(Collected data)
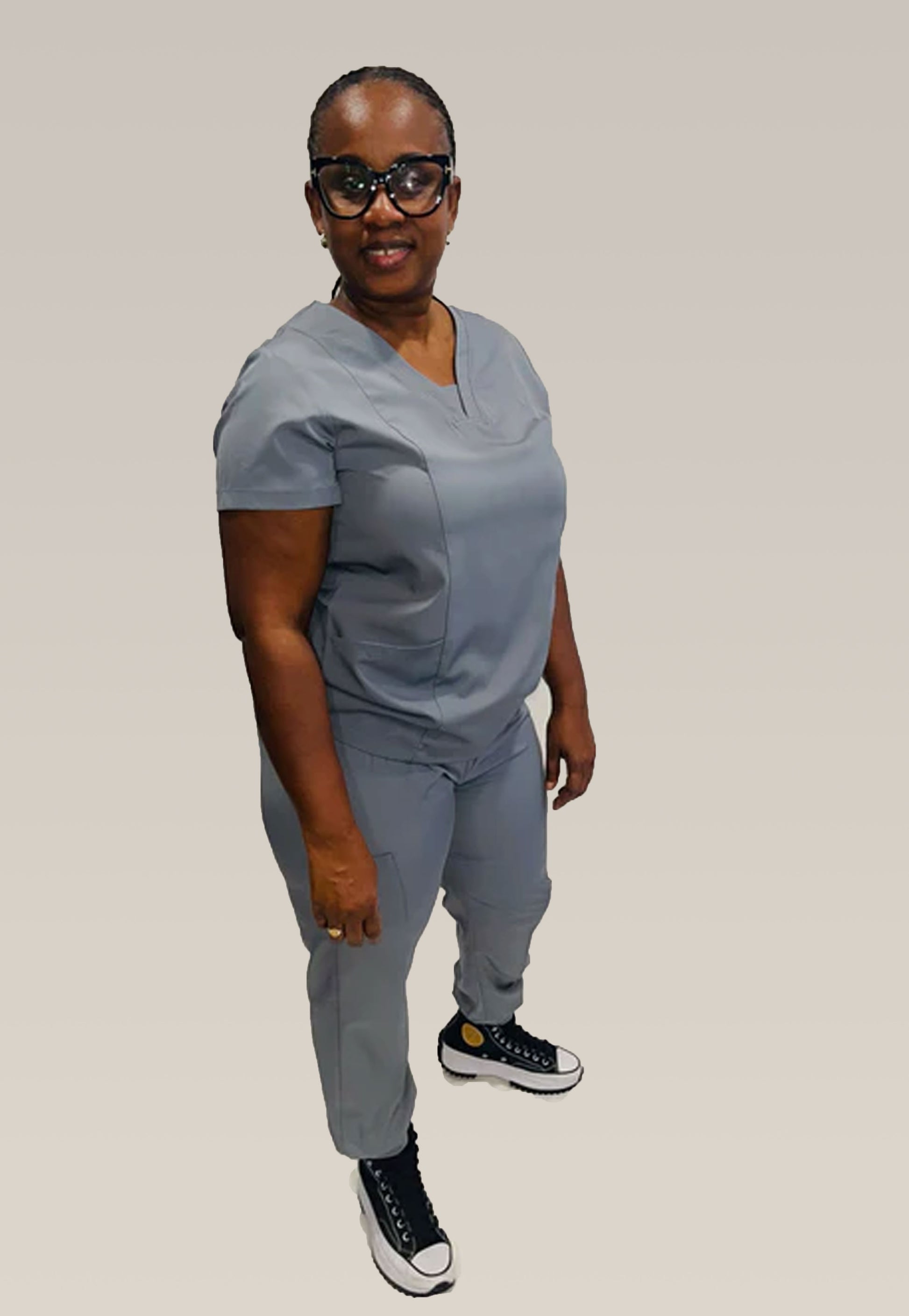 Women's Scrub Set, V-Neck, Multi-Pocketed, Joggers, Elastic Pants Waist, Soft, Light, 4-way Stretch, Comfortable, Quick Dry.
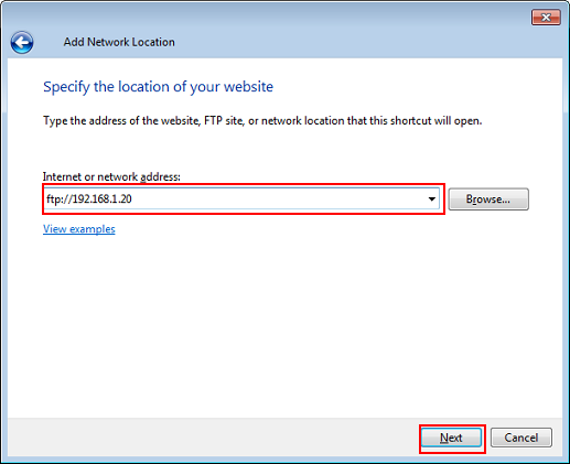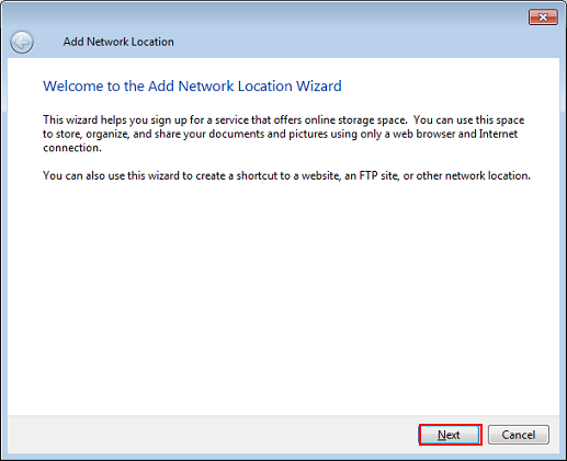 The Add Network Location screen is displayed.
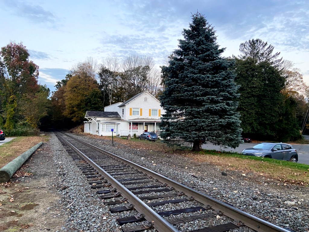 then I headed off the hill, north a tad on my favorite US Route 7 into Ridgefield, and checked into a motel I remember from the 50s. Half the price of anything else in the area, and I now know why. But onto exploring, and West Redding to find the country store that may have been the start of my fascination with the old emporiums. About the only change is that the train station is now a tad south with a raised platform, and not at the old general store in the left image.
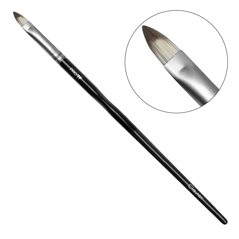 Ten precyzyjny pędzel o płaskim, szpiczastym kształcie z kolekcji Clavier PROSOLUTION PRO 7F jest idealnym narzędziem do aplikacji kosmetyków na powierzchni powiek i wzdłuż linii rzęs. Jego precyzyjna konstrukcja pozwala na dokładne nakładanie cieni, podkładów i korektorów w trudno dostępnych miejscach, zapewniając jednocześnie równomierne rozprowadzenie produktu. Wysokiej jakości włosie syntetyczne (imitacja lisa srebrnego) pędzla gwarantuje trwałość oraz komfort użytkowania, a jego ergonomiczny kształt umożliwia kontrolowanie precyzyjnych ruchów i łatwe blendowanie kolorów.Idealny do tworzenia wyrazistych linii, precyzyjnego konturowania oraz detali w makijażu oczu.
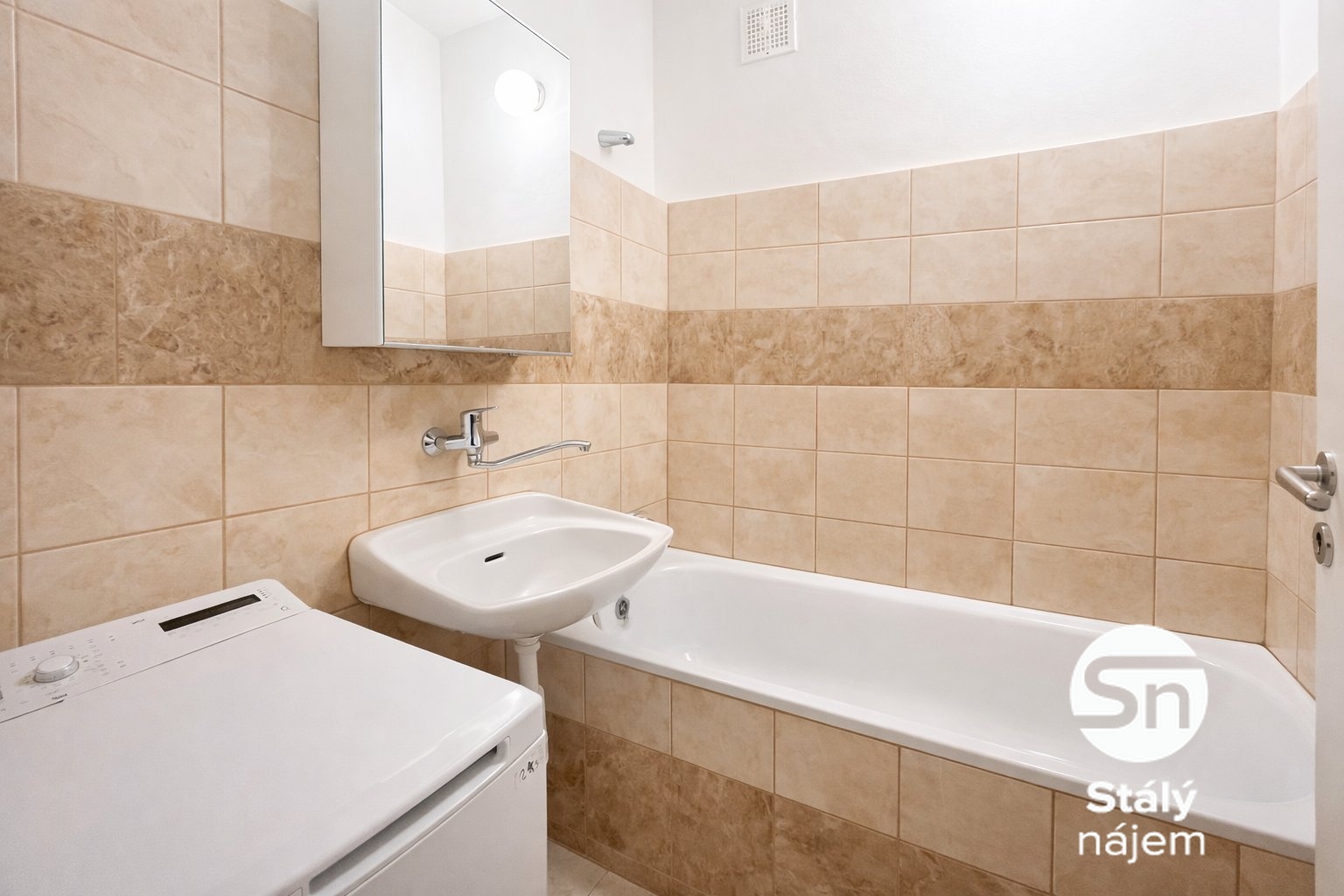 Byt je ve dobrém stavu a před nastěhováním bude nově vymalovaný. Dispozičně je velmi prakticky řešený a nabízí dostatek prostoru pro pohodlné bydlení jednotlivce nebo páru. Ložnice bude vybavena šatní skříní, druhý pokoj gaučem a skříní, přičemž černý pracovní stůl a postel na fotografiích nejsou součástí podnájmu. Kuchyň je vybavena plynovým sporákem, elektrickou troubou, lednicí s mrazákem a k dispozici je také pračka.

TASK TO COMPLETE — Could you please write out the entries exactly as they are, with every picture left out?

ANSWER SPACE —
 Women's Scrub Set, V-Neck, Multi-Pocketed, Joggers, Elastic Pants Waist, Soft, Light, 4-way Stretch, Comfortable, Quick Dry.
 The Add Network Location screen is displayed.
 then I headed off the hill, north a tad on my favorite US Route 7 into Ridgefield, and checked into a motel I remember from the 50s. Half the price of anything else in the area, and I now know why. But onto exploring, and West Redding to find the country store that may have been the start of my fascination with the old emporiums. About the only change is that the train station is now a tad south with a raised platform, and not at the old general store in the left image.
 Ten precyzyjny pędzel o płaskim, szpiczastym kształcie z kolekcji Clavier PROSOLUTION PRO 7F jest idealnym narzędziem do aplikacji kosmetyków na powierzchni powiek i wzdłuż linii rzęs. Jego precyzyjna konstrukcja pozwala na dokładne nakładanie cieni, podkładów i korektorów w trudno dostępnych miejscach, zapewniając jednocześnie równomierne rozprowadzenie produktu. Wysokiej jakości włosie syntetyczne (imitacja lisa srebrnego) pędzla gwarantuje trwałość oraz komfort użytkowania, a jego ergonomiczny kształt umożliwia kontrolowanie precyzyjnych ruchów i łatwe blendowanie kolorów.Idealny do tworzenia wyrazistych linii, precyzyjnego konturowania oraz detali w makijażu oczu.
 Byt je ve dobrém stavu a před nastěhováním bude nově vymalovaný. Dispozičně je velmi prakticky řešený a nabízí dostatek prostoru pro pohodlné bydlení jednotlivce nebo páru. Ložnice bude vybavena šatní skříní, druhý pokoj gaučem a skříní, přičemž černý pracovní stůl a postel na fotografiích nejsou součástí podnájmu. Kuchyň je vybavena plynovým sporákem, elektrickou troubou, lednicí s mrazákem a k dispozici je také pračka.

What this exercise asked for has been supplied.